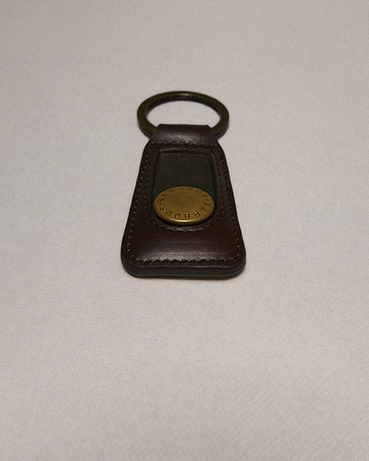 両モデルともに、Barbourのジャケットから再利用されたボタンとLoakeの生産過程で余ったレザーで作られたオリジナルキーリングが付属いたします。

--

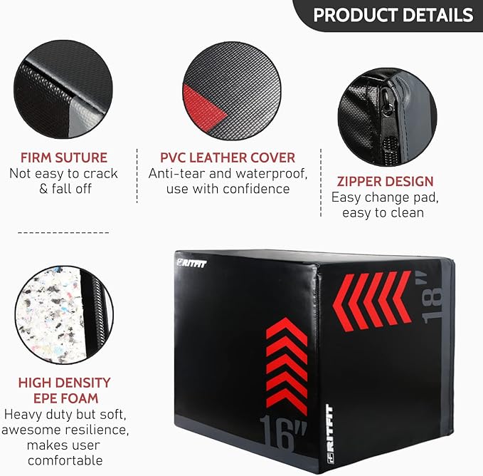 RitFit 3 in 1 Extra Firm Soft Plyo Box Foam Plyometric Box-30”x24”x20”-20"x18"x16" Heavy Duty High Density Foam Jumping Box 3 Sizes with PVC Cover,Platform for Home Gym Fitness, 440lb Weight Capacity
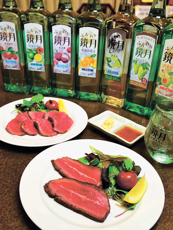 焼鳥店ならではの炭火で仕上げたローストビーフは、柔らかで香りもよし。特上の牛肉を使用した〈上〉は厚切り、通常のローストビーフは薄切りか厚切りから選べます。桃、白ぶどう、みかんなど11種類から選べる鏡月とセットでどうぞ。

---

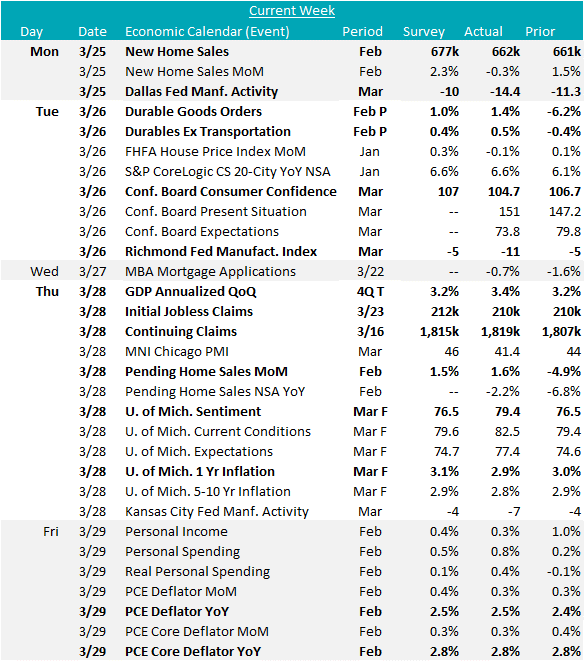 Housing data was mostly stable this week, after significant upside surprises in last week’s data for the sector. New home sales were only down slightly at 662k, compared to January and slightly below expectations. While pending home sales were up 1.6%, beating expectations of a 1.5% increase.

◆ What you need to do
Using the entries above, transcribe every line from the line containing "RitFit 3 in" through the line containing "焼鳥店ならではの炭火で仕上げ". Do not copy pictures.

◆ Answer to this task
 RitFit 3 in 1 Extra Firm Soft Plyo Box Foam Plyometric Box-30”x24”x20”-20"x18"x16" Heavy Duty High Density Foam Jumping Box 3 Sizes with PVC Cover,Platform for Home Gym Fitness, 440lb Weight Capacity
 焼鳥店ならではの炭火で仕上げたローストビーフは、柔らかで香りもよし。特上の牛肉を使用した〈上〉は厚切り、通常のローストビーフは薄切りか厚切りから選べます。桃、白ぶどう、みかんなど11種類から選べる鏡月とセットでどうぞ。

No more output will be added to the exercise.